» Work task
Pictures must not appear in the copy. Set down exactly the line with "Säljer en svart" and each line after it through the end of the data below.

» Raw data
____

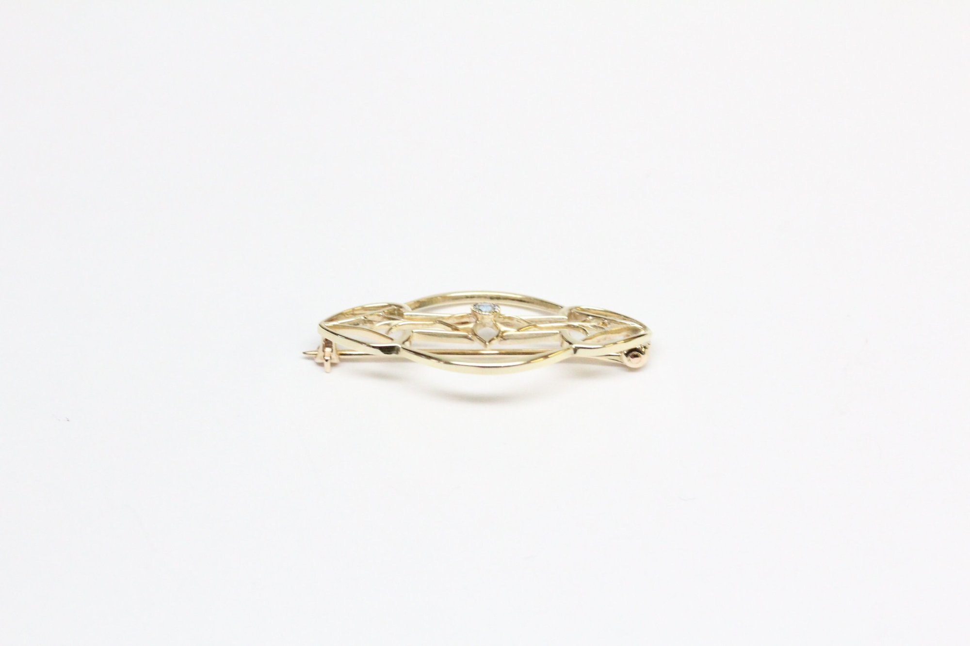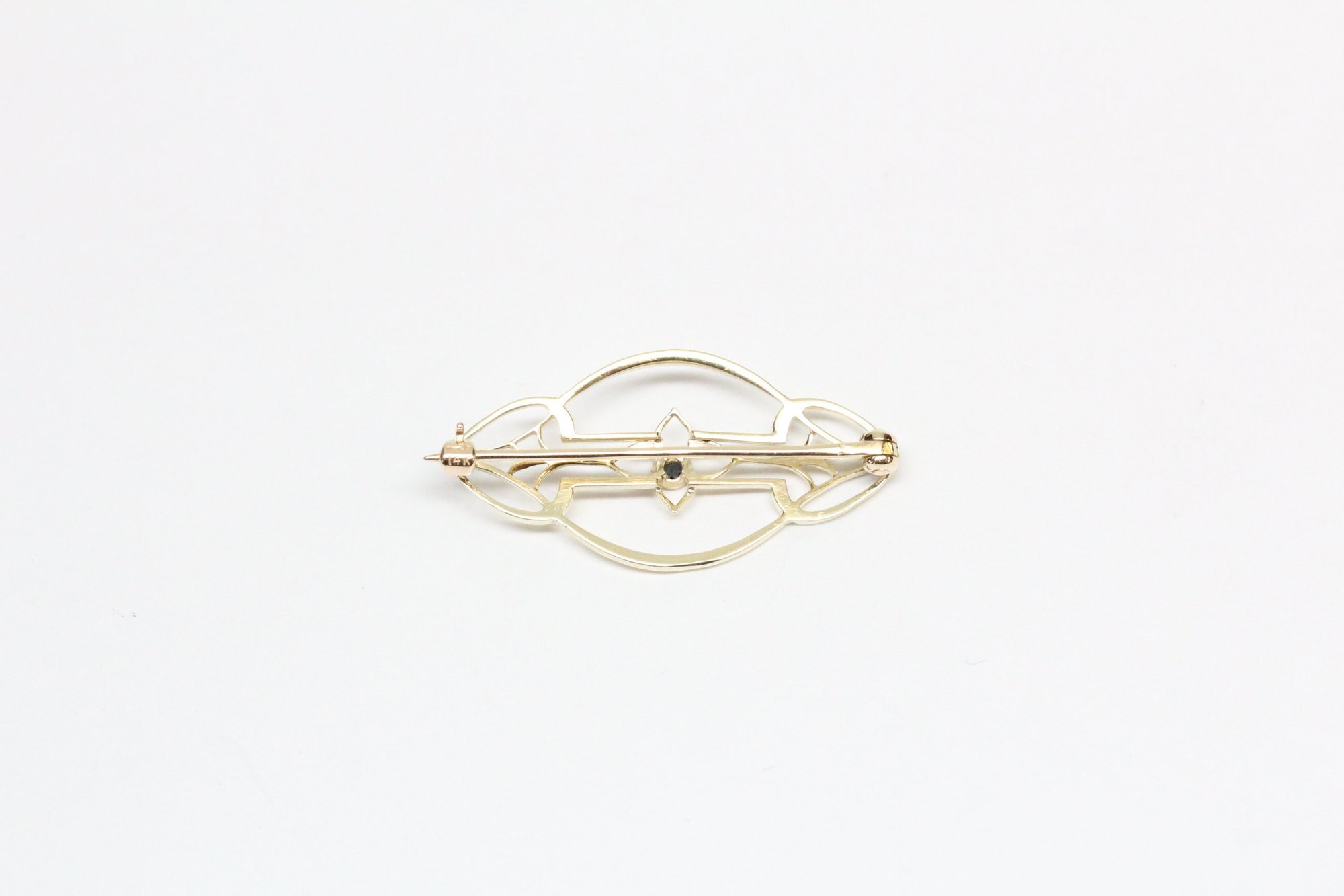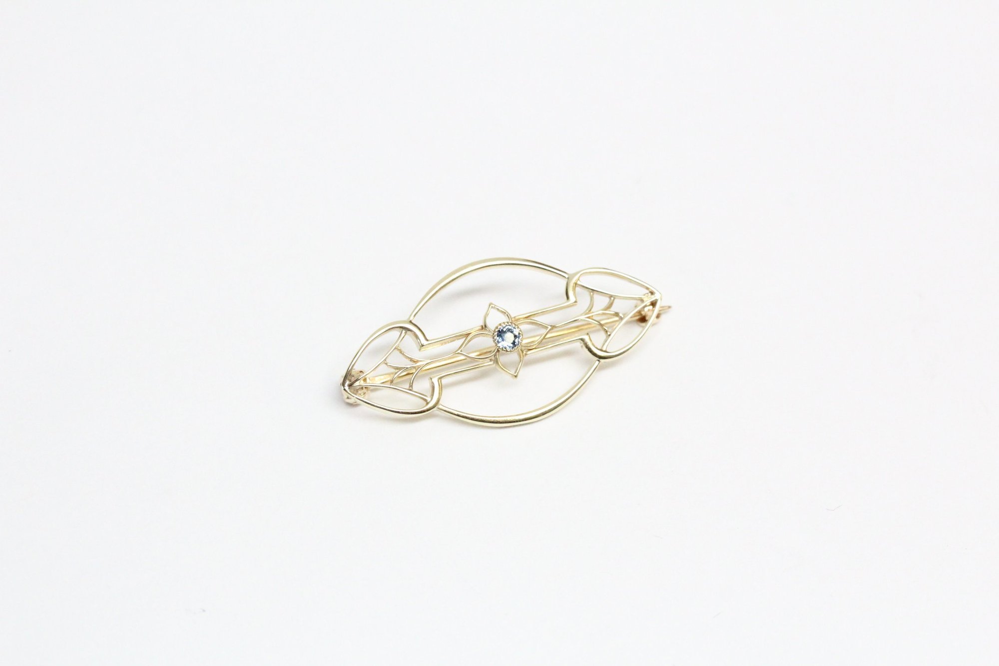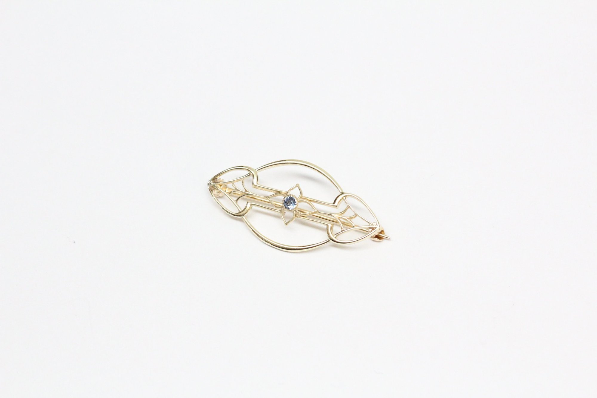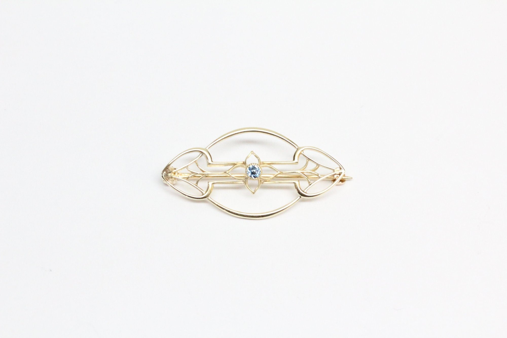Original product name: Edwardian 14k Yellow Gold, Sapphire Filigree Brooch - Lovely Filigree Hat, Lapel, or Bar Pin - Excellent Condition
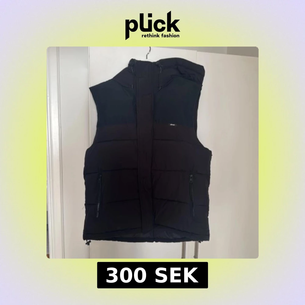 Säljer en svart dunväst från Zara med dragkedja och huva. Västen har en stilren design med två praktiska fickor framtill. Perfekt för kyligare dagar.
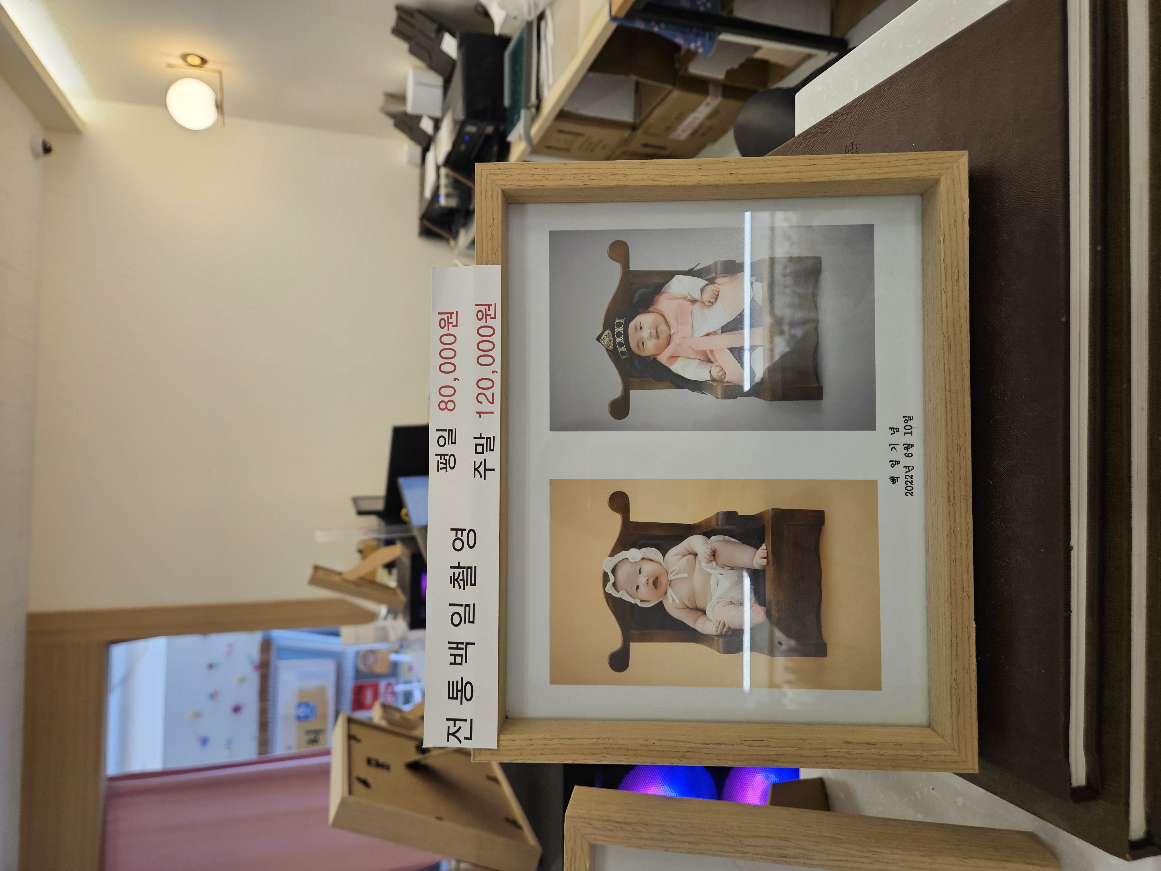 단색배경에 깔끔하게 사진이 나왔습니다. 두 사진 같이 한 액자에 담을 수도 있고 각각 따로 액자를 만들 수도 있는데 저희는 각각 따로 액자에 담는 것을 선택했습니다. 양가 부모님께 아기 액자를 드리려고 한쌍 더 구매를 했고 저희는 사진 인화본만 따로 구매를 했네요. 인화본은 작은 액자 사이즈로 한장당 5천원에 구매를 했습니다.

____

» Solution
 Säljer en svart dunväst från Zara med dragkedja och huva. Västen har en stilren design med två praktiska fickor framtill. Perfekt för kyligare dagar.
 단색배경에 깔끔하게 사진이 나왔습니다. 두 사진 같이 한 액자에 담을 수도 있고 각각 따로 액자를 만들 수도 있는데 저희는 각각 따로 액자에 담는 것을 선택했습니다. 양가 부모님께 아기 액자를 드리려고 한쌍 더 구매를 했고 저희는 사진 인화본만 따로 구매를 했네요. 인화본은 작은 액자 사이즈로 한장당 5천원에 구매를 했습니다.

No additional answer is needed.